Mika
Waltari. “Sinuhé, el egipcio” - 1945
- Tienes siete años Sinuhé –me dijo mi padre-, debes elegir una
carrera.
-
Quiero ser soldado –dije yo en el acto.
No
comprendí su expresión decepcionada. Porque los mejores juegos de
muchachos en las calles son militares; había visto a los soldados
ejercitarse en la lucha delante de los cuarteles; había visto los
carros de combate salir de la villa para hacer maniobras, con sus
ruedas ruidosas. No podía existir carrera más brillante y honorable
que la carrera de las armas. Un soldado no necesita saber escribir, y
ésta era para mí la razón principal de mi elección, porque mis
camaradas me habían contado cosas terribles sobre las dificultades
de la escritura y la crueldad de los maestros (…).
Mi
padre no debió de estar muy dotado durante su infancia, de lo
contrario hubiera llegado a algo más que médico de los pobres. (…)

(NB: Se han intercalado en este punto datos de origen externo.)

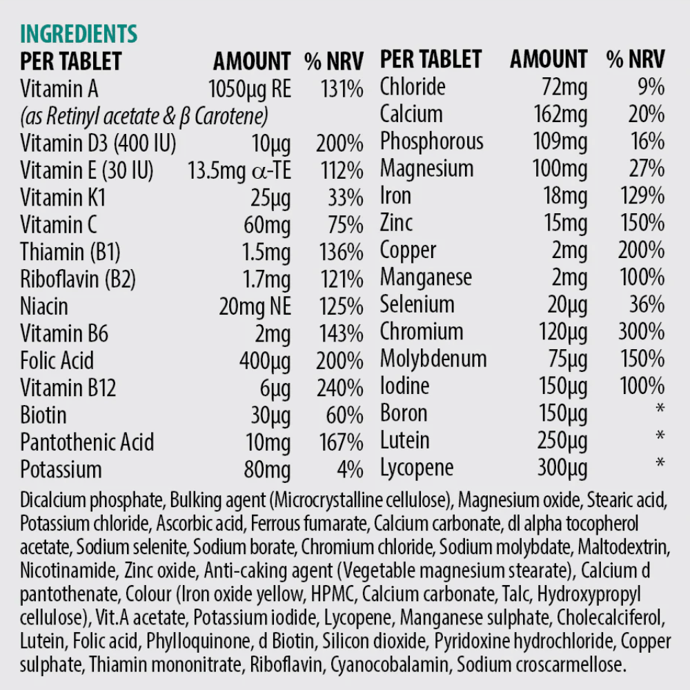 - Multivitamin/ multimineral with over 30 essential nutrients including Lutein and Lycopene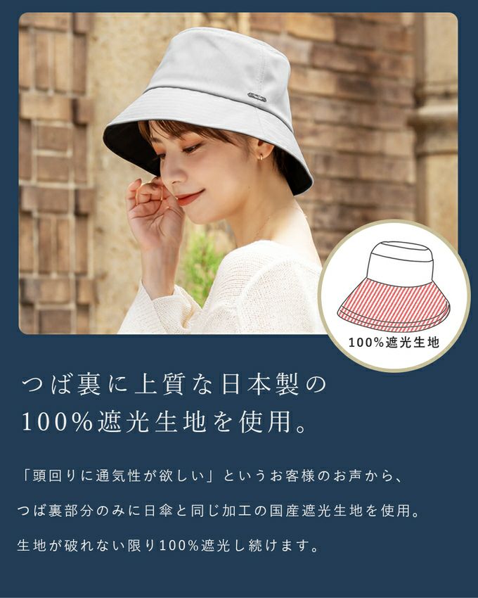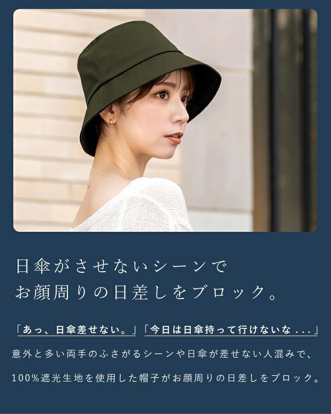 100%遮光 つば裏遮光 T/Cバケットハット

Sabía cuán sensible y obstinado yo era, pero no protestó de mi
decisión.
Pero
al cabo de un rato pidió a mi madre una jarra vacía, entró en su
habitación y vertió en ella vino ordinario.
-
Ven Sinuhé –dijo llevándome hacia la ribera.
Yo
le seguí sorprendido. En el muelle se detuvo para observar una
barcaza de la cual unos hombres sudorosos, con la espalda encorvada,
sacaban mercancías embaladas en telas cocidas. El sol se ocultaba
detrás de las colinas sobre la Villa de los Muertos; nosotros
estábamos cansados, pero los hombres seguían descargando, jadeantes
los flancos y cubiertos de sudor. El capataz los excitaba con su
látigo y, tranquilamente sentado bajo un toldo, un escriba iba
anotando la carga.
-
¿Quisieras ser como ellos? –preguntó mi padre.
La
pregunta me pareció estúpida y no contesté, pero miré a mi padre
sorprendido, porque nadie podía querer ser como aquellos hombres.
-
Trabajan desde primera hora del día hasta tarde de la noche –dijo
mi padre Senmut-. Su piel está curtida como la del cocodrilo, sus
manos son rudas como las patas del cocodrilo. Sólo por la noche
pueden regresar a su cabaña de barro, y su alimentación es un trozo
de pan, una cebolla y sorbo de cerveza agria. Ésta es la vida de los
descargadores. Ésta es también la del labrador. Tal es la de todos
los que trabajan con sus manos. Tal vez no los envidiarás.
Moví
la cabeza y lo miré sorprendido. Yo quería ser soldado y no
cargador o abrir surcos en la tierra, regar los campos o ser pastor
mugriento.
-
Padre –dije yo mientras andábamos-, la vida del soldado es bella.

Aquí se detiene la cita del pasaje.